Nascido em 1564 em Pisa, na Itália, Galileu Galilei é considerado pai da ciência moderna. Foi astrônomo, matemático, filósofo e responsável por uma série de contribuições e descobertas importantíssimas para a humanidade.

Conta a tradição que o revolucionário e desafiador cientista, perseguido e julgado pela Inquisição da Igreja Católica, foi obrigado a renegar sua visão heliocêntrica do Universo – com o Sol ao centro dele e os planetas se movendo ao seu redor. Na época, a teoria aceita era o geocentrismo, que considerava a Terra fixa ao centro de tudo.

Logo após admitir que estava errado perante o tribunal, Galileu teria pronunciado baixinho a frase “E pur si muove!”, que, em português, significa, “No entanto, ela se move!”.


Caro Galileu,

Hoje, no 99º giro da Terra ao próprio redor em 2020, é comemorado o Dia Mundial da Astronomia! Oportunidade ímpar para que eu, em nome dos meus, faça um desabafo e peça perdão. Pecamos!

Como exemplar do Homo sapiens no terceiro milênio, agoniza assistir ao tratamento dado por parte de meus semelhantes à Ciência. Para começo de conversa, a própria palavra deveria ser, sempre, escrita assim: com C maiúsculo – ou S, no caso da sua Scienza.

Mas quem dera fosse gramatical o problema. São tempos difíceis, na sua Itália, no meu Brasil, na França da minha amiga Amélie e em todo o planeta.

Para não perder o foco e não te preocupar tanto, serei breve na contextualização sobre 2020.

Em resumo, um novo vírus se espalhou rapidamente pelo mundo e ninguém é imune a ele. É difícil comparar com a pandemia de peste bubônica, caso você esteja se perguntando enquanto lê, Galileu. Afinal, em quatro séculos tivemos incontáveis e inestimáveis avanços enquanto sociedade. Você ficaria orgulhoso de nossa amada Ciência! Bom, o correto seria que todos ficássemos. Mas não tem sido bem assim.

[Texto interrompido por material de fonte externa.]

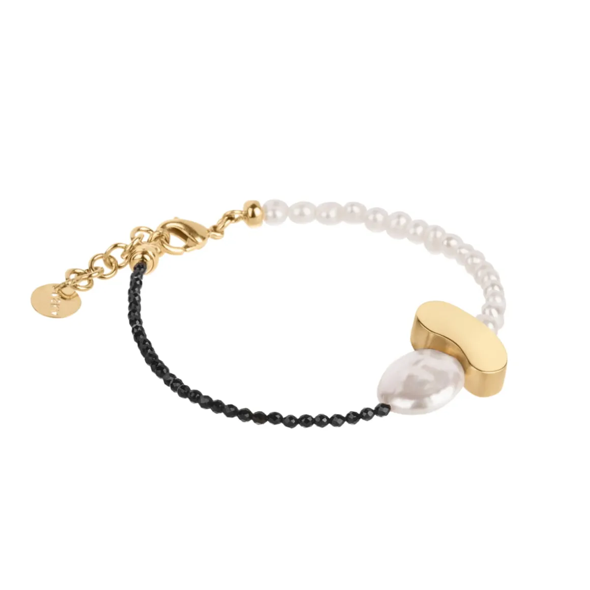 Delikatna bransoletka powstała poprzez połączenie nieregularnych pereł słodkowodnych i drobnych onyksów. Biżuteria ozdobiona została pozłacanym elementem o miękkim, abstrakcyjnym kształcie, który został połączony z większą perłą. Czarno – biała bransoletka ma uniwersalny charakter, dzięki czemu dobrze prezentować się będzie zarówno w towarzystwie wieczorowej sukienki, jak i białej koszuli czy codziennej bluzki.

Talvez uma interessante semelhança entre a peste e a Covid-19 seja o pânico causado por um inimigo desconhecido.

No nosso caso, já sabemos muito mais do que as pessoas daquela época: a origem do vírus, como se dá o contágio, quem está mais exposto a complicações e de algumas substâncias com potencial para combatê-lo; já existem testes, alguns bastante rápidos e eficazes, e experiências de sucesso de países que conseguiram abafar a disseminação da doença. Ciência.

Mas você acredita, Galileu, que tem gente instruída e poderosa refutando todo esse conhecimento?

A cada dia que passa tiram, sabe-se lá de onde, novas teorias sobre a origem do vírus e curas que não existem ou sem a mínima comprovação. Menosprezam a situação e se recusam a tomar as medidas necessárias para evitar a propagação. Olham para os grupos de risco como casos perdidos, mortes certas e naturais, em vez de acolhê-los. Ignoram atos de sucesso de outros países e os estudos, inclusive econômicos, que apontam que salvar vidas deve ser a única prioridade no momento.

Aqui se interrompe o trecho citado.